Northern Ireland

Man jailed for second Ardoyne rioting offence

Petrol Bombs thrown at police
Image caption Petrol bombs were thrown at police in the Ardoyne area

A man who attacked a police land rover during the Ardoyne riots on 12 July last year was jailed on Tuesday for a year.

Stephen James Fox, 34, from Victoria Parade in Belfast, was ordered to spend a year in jail to be followed by 15 months on licence.

Belfast Crown Court heard that Fox had previously been jailed for 15 months in 2005 for rioting in Ardoyne.

He had admitted rioting and attempting to cause grievous bodily harm.

Judge Tom Burgess said it was a "particularly concerning" aspect of the case that Fox had been jailed previously for similar offences.

The prosecution told the court how Fox was seen on CCTV footage as part of a crowd attacking an isolated police land rover and trying to pull its grille off.

He was also spotted throwing missiles at an opposing faction but when arrested and interviewed, Fox denied any wrongdoing and gave a false alibi.

He did later plead guilty to charges of riot and attempting to cause criminal damage to the PSNI property.

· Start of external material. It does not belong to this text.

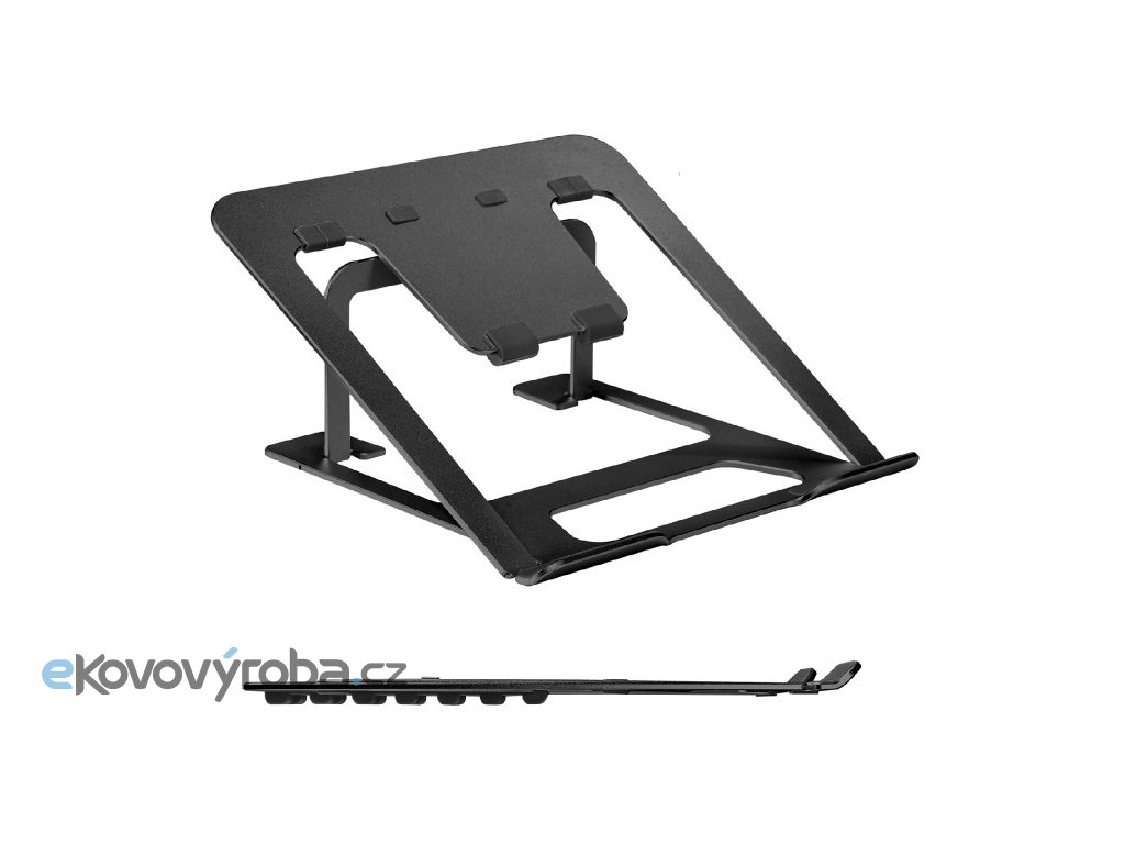 Přenosná hliníková podstava / stojan na notebook nebo laptop 11-15", polohovatelný, nosnost 5kg, barva černá

During previous court hearings earlier this year, when over 20 defendants were sentenced, the court heard the full details of the 12 July rioting in Ardoyne.

'Lack of judgement'

Over the course of around seven hours of rioting, 75 petrol bombs and numerous missiles were thrown at police.

48 officers were injured including a policewoman who suffered head injuries when a lump of concrete was dropped on her from a roof in north Belfast.

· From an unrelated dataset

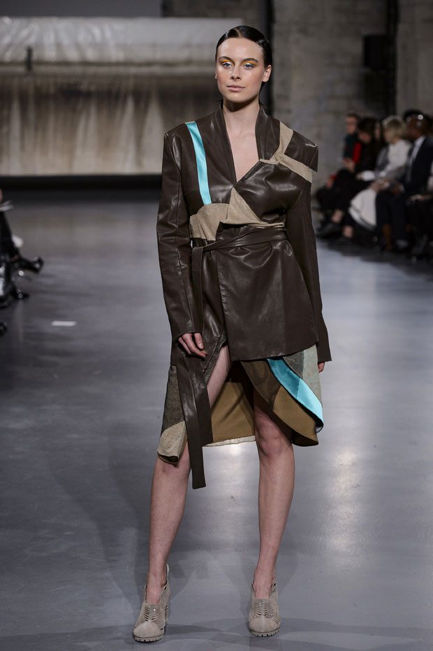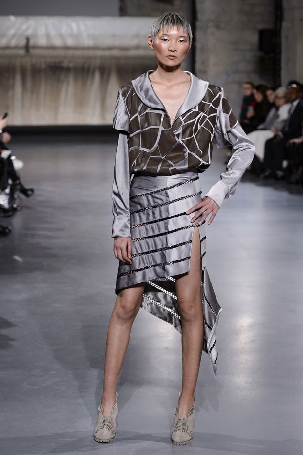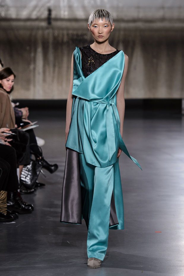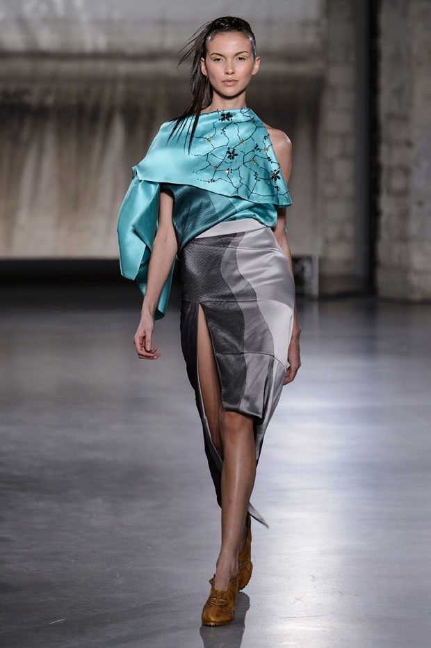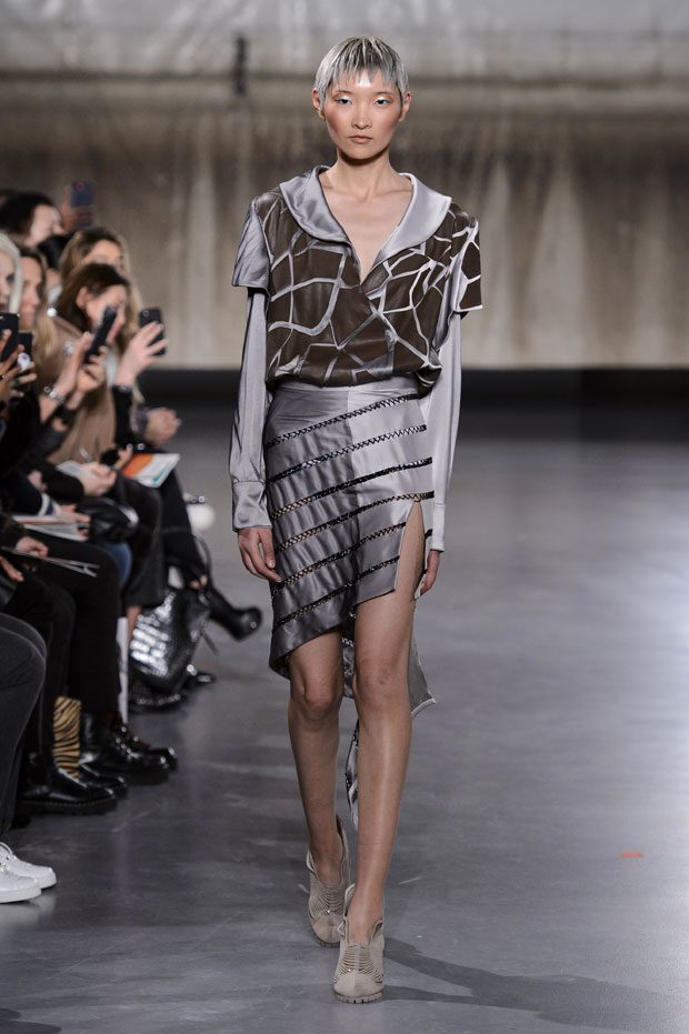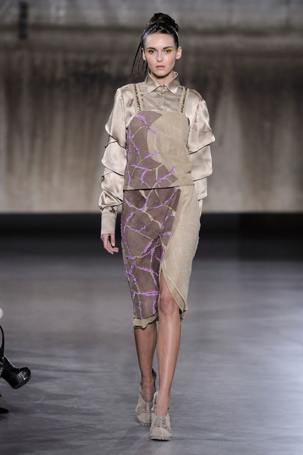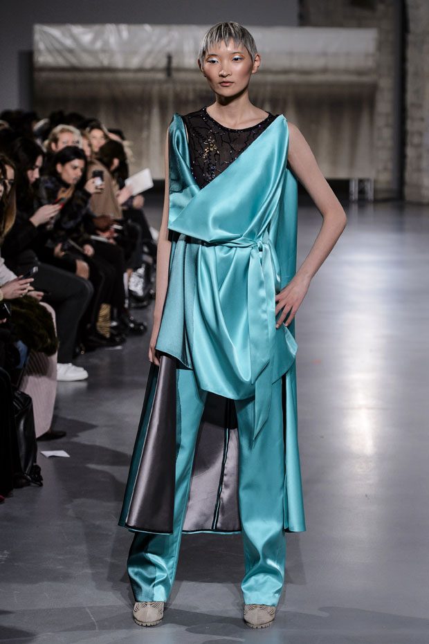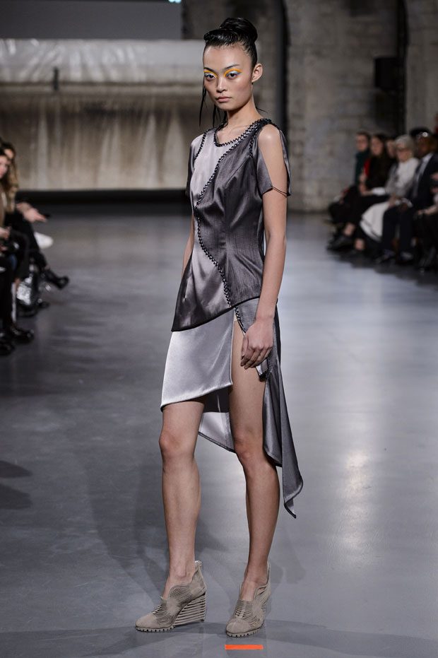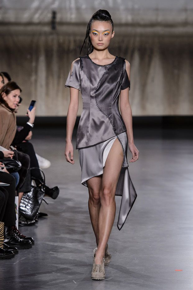 The warm hues of the desert dominate the spring-summer 2018 collection of the Montreal-based, Mexican-born designer. Images of scorched and cracked earth give way to the ripples of a heavy silk, evoking in their movements the changing waves of sand dunes. Guided by shifts in light and the slightest passing breeze, garments mutate and take on an ephemeral existence that lasts only until the next movement. The constant to and fro is framed by the passage of shadows of black silk tulle that envelop and consume the warm colors of the collection. A yellow jute, coarse and rough, juxtaposes the softness of a silk. The play of contrasts that characterizes Ortega’s work takes on its full meaning in a desert landscape; dark shadows bring freshness while a sparkling embroidery instantly reminds us of the glare of a blinding sun. Suddenly, a burst of bright color, like a desert flower springing up after the rain. From a distance, its contours are fuzzy, like a mirage, but closer, details become more precise. The glitter quickly disappears among the beige, yellow and golden surroundings, as the desert reclaims its rights. – from Antonio Ortega

In monetary values, the damage to cars in the area amounted to £22,000, damage to police clothing and equipment came to nearly £9,000.

The total cost of policing the riot was nearly £800,000.

The defence said that while Fox's previous conviction might lead to the perception that he was an organiser or leader of the rioting, reports showed that he had problems with drink and drug addictions.

His lawyer said this lead to a "lack of judgement and perception of trouble".

Judge Burgess said the attack on officers trapped inside the confined land rover, surrounded by a hostile crowd "was a particularly frightening snapshot of part of the violence which was totally unacceptable."